Еще раз заикнулся он комбату о хотя бы двухдневном отпуске, чтобы смотать в Юлькину часть, но тот отказал вежливо, ссылаясь на то, что формирование закончено и вот-вот может быть приказ об отправке на передовую… Пришло еще одно письмо от Юльки, где писала она почти то же самое: хорошо ей здесь, ребята берегут ее, называют сестренкой, а кто постарше — доченькой… А через неделю другое, написанное ее подругой: Юльку убили, она захоронена около штаба полка… Остались у подруги письма Юльки и дневник, но по почте это посылать нельзя. Может, он приедет?
Володька бросился к комбату и молча дал ему письмо. Тот прочел, ничего не сказал, только посмотрел на него, наткнувшись на мертвые, погасшие Володькины глаза, и вызвал начштаба.
— Выпиши Канаеву отпуск на два дня…
— Есть, — вытянулся дисциплинированный Чирков.
— Благодарю, товарищ майор, — тихо сказал Володька.
Через час, получив сухой паек, он широким пехотинским шагом шел уже к большаку, чтоб поймать попутную машину… Сделав по дороге три пересадки, к вечеру был уже в расположении дивизии и спросил там, как найти полк. Двенадцать километров до штаба полка прошел он за полтора часа и стал разыскивать начальника связи. Того не оказалось на месте. Но нашлась девушка, писавшая ему о Юле. Звали ее Люда. Она провела Володьку к могиле… В горле застрял ком, и он не мог говорить, слушал Люду, рассказывавшую, как любили все Юльку и какая она была хорошая.
Володька стоял у рыжего холмика, машинально запоминая ориентиры, по которым можно будет разыскать могилу после войны. Стоял сгорбившись, все еще не представляя реально, что он больше никогда не увидит Юльку и что вот здесь, под небольшим слоем земли лежит она…
— Бомбежка или артналет? — спросил наконец у Люды.
— Нет, пуля… Исправляла поврежденную связь, — тихо ответила она, вытирая глаза.
— Веди к этому майору.
Люда смешалась, опустила голову.
— Я не знаю, где он… — а потом добавила: — Может, не стоит, товарищ старший лейтенант?
— Найди! Не бойся, я просто поговорю с ним.
— Я не боюсь… Вы что-нибудь с ним сделаете, — пробормотала она, — не надо, прошу вас, не надо… Юля тоже не захотела бы этого.
— Я что тебе сказал, — прикрикнул Володька. — Все равно разыщу его. Пойдем, — он резко повернулся.
Они пошли к штабу, и около него среди группы стоявших военных Люда показала на полноватого немолодого майора.
— Ладно, — сказал Володька. — Теперь уходи.
Люда отошла, а он направился к майору.
— Разрешите обратиться, товарищ майор, — спросил Володька совершенно спокойно.
— Слушаю вас, — повернулся майор.
— Я офицер связи.
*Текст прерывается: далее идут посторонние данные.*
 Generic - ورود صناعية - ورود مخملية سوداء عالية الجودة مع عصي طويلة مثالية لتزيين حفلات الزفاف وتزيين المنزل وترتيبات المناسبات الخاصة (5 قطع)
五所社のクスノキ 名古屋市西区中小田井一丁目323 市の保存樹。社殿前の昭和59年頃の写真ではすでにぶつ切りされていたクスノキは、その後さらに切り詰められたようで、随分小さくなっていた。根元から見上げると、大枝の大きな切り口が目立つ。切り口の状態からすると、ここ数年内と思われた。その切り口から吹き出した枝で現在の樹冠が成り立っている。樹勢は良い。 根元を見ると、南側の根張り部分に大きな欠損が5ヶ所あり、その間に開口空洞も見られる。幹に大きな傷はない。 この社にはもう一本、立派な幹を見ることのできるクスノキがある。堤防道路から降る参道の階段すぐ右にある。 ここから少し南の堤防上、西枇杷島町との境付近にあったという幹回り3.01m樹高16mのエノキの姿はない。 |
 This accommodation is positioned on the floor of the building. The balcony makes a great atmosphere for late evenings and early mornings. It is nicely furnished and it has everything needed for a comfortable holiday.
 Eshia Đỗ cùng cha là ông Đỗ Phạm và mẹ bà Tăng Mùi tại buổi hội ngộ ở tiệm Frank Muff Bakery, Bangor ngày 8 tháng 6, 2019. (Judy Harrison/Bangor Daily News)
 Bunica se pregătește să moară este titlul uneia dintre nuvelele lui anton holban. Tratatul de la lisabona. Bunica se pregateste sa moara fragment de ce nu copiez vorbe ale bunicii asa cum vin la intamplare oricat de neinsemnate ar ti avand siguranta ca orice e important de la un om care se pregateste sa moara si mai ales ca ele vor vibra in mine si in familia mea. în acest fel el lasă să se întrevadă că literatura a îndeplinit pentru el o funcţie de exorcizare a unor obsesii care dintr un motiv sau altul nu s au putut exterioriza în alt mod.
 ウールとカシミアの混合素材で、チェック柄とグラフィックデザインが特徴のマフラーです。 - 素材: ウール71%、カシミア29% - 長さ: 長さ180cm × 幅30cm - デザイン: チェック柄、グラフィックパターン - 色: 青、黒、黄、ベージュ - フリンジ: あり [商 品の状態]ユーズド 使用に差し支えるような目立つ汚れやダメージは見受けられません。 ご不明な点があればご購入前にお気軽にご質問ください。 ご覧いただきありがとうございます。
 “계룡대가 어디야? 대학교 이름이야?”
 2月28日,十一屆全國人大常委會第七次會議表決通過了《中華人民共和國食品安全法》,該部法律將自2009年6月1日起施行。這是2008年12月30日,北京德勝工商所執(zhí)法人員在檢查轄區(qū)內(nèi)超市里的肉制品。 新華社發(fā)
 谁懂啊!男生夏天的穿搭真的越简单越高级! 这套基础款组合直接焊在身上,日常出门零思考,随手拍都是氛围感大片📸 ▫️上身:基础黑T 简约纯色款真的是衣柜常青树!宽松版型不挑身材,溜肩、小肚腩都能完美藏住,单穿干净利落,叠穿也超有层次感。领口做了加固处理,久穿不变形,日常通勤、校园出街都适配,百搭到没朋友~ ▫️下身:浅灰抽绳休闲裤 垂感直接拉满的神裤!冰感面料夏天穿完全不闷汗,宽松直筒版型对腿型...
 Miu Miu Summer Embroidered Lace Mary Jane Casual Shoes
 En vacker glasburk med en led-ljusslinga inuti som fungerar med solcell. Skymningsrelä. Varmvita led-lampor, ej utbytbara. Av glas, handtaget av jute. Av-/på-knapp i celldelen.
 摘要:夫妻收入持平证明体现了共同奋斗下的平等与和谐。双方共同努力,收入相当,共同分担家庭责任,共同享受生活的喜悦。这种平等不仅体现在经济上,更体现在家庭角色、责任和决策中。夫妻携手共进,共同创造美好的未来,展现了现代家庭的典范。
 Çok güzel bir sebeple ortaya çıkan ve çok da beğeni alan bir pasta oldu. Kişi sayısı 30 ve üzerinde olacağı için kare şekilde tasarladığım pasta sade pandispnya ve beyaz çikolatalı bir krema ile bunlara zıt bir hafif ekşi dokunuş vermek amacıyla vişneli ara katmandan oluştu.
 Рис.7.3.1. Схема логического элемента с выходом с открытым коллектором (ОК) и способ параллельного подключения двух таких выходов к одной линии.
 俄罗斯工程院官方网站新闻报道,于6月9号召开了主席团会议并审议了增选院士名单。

Требуется поговорить конфиденциально. Отойдемте в сторону.
— Хорошо, — согласился майор и пошел за Володькой.
Тот завернул на тропу, ведущую к кустам, и, пройдя несколько шагов, откуда они уже были не видны из избы, где расположен штаб, остановился.
— Донесение из соседней части? — спросил майор. — Так точно. Сейчас, — Володька сделал вид, что открывает планшет, а потом снизу ударил майора под ложечку.
Майор сразу сломался пополам, и единственное, что Володька запомнил, удивление, а потом страх в его глазах. Видимо, понял он, кто этот старший лейтенант и зачем появился. Перегибаясь пополам, майор все же потянулся к кобуре, но Володька резко ладонью рубанул по руке, а потом снизу в челюсть… Уже не помня себя, он бил его по лицу и прямыми, и сбоку, бил тяжелым сапогом по голове, когда тот упал, забыв святое правило марьинорощинской шпаны — лежачего не бить…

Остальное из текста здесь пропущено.